Source data:
-------------------------
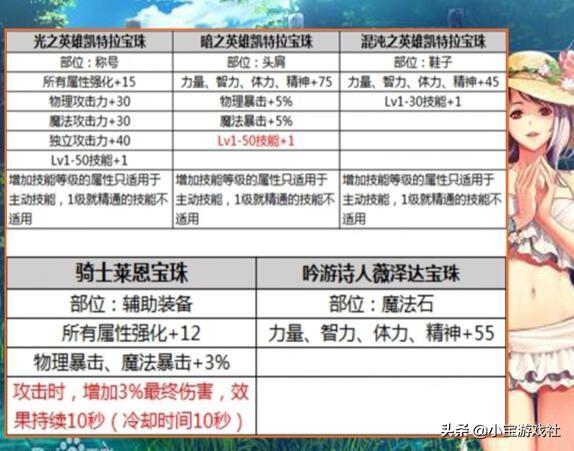 春节礼包宝珠属性,一、称号宝珠:和去年一样的双攻30独立40所有属强15,1-50技能+1;二、鞋子宝珠:对比去年的兽人宝珠,四维从30提升到45,其余没有任何改变;三、右槽宝珠:四维+55;四、护肩宝珠:四维和物魔暴击没有改变,技能1-30+1变为1-50技能+1(主动技能);五、左曹宝珠:除了所有属强+12和物魔暴击+3之外,新增了3%的最终伤害。
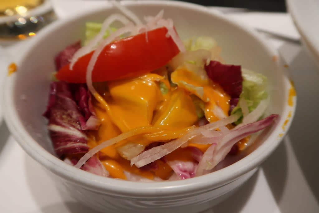デザートの直前にサラダ。この日はドレッシングが沈んでなかったので出来たてを持ってきてくれたようです。
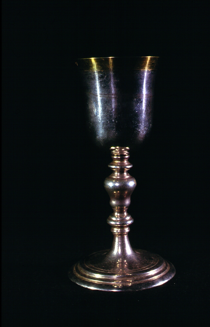 - NOTIZIE STORICO CRITICHE Calice assemblato la coppa in argento risale al sec. XVIII (vedi punzonatura) il piede ed il fusto in metallo tornito sono frutto di un restauro successivo
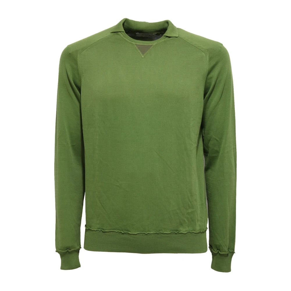 Gallo, Stickade Tröjor , Herr, L, Bomull, Herr rundhalsad tröja tillverkad i Italien av grön strumpstickad bomullstyg
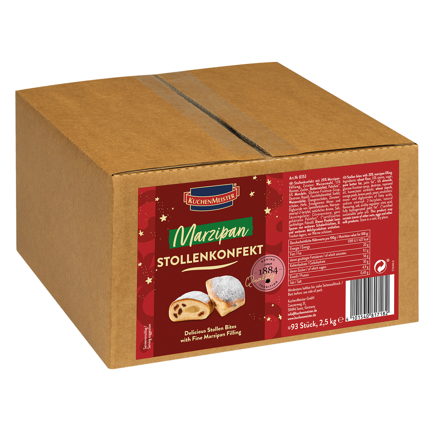 Stollenkonfekt 20% Marzipan 2,5Kg(93x27g) lose Kuchenmeister - Karton ist auf Lager und wird versandt, sobald es wieder verfügbar ist
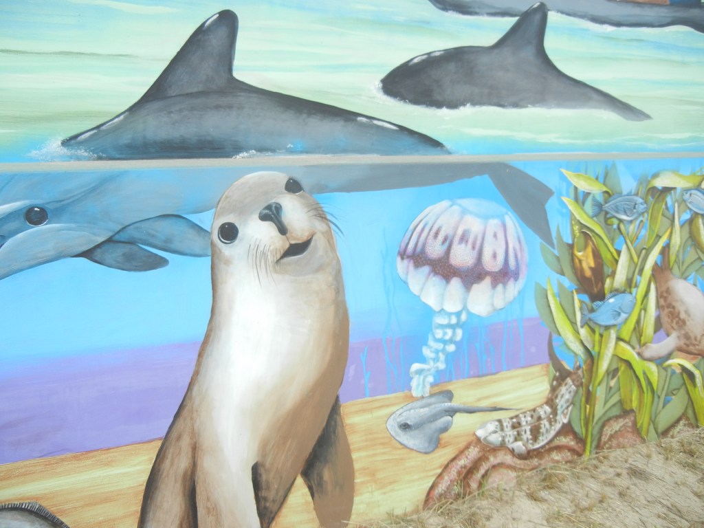 Centered in the mural is a Carpinteria Beach scene from yesteryear, inspired by a nostalgic postcard of the period and bearing the classic moniker “World’s Safest Beach.” This is surrounded by depictions of shore birds, pelicans, harbor seals, dolphins and egrets, all part of the extraordinary and diverse wildlife that enhances Carpinteria’s coastline.
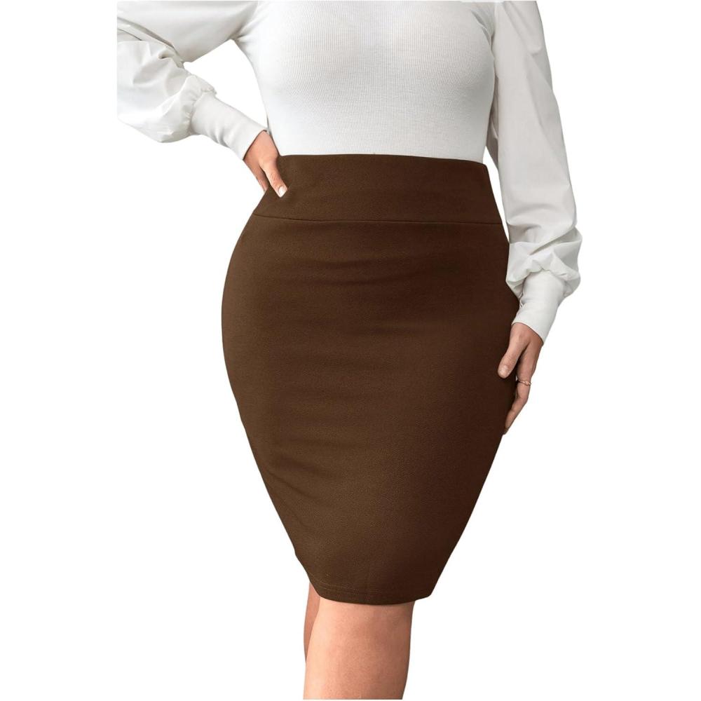 Verdusa Women’s Plus Size Knee Length High Waist Bodycon Business Pencil Skirt(Chocolate Brown)
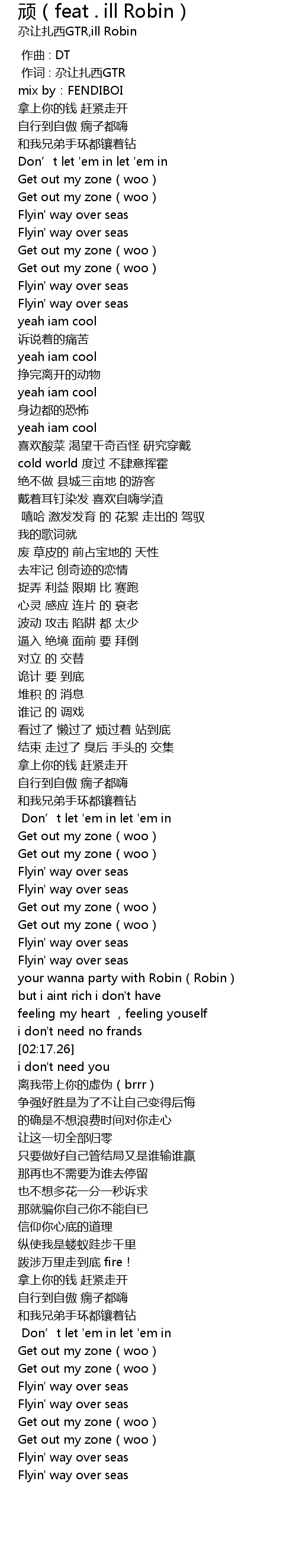 | [02:58.04] | Get out my zone woo |
-------------------------
## Instructions to follow
What is needed is an exact copy of the lines from the one with "Verdusa Women’s Plus" through the end of the data above, both included, minus any pictures.

## Answer box
 Verdusa Women’s Plus Size Knee Length High Waist Bodycon Business Pencil Skirt(Chocolate Brown)
 | [02:58.04] | Get out my zone woo |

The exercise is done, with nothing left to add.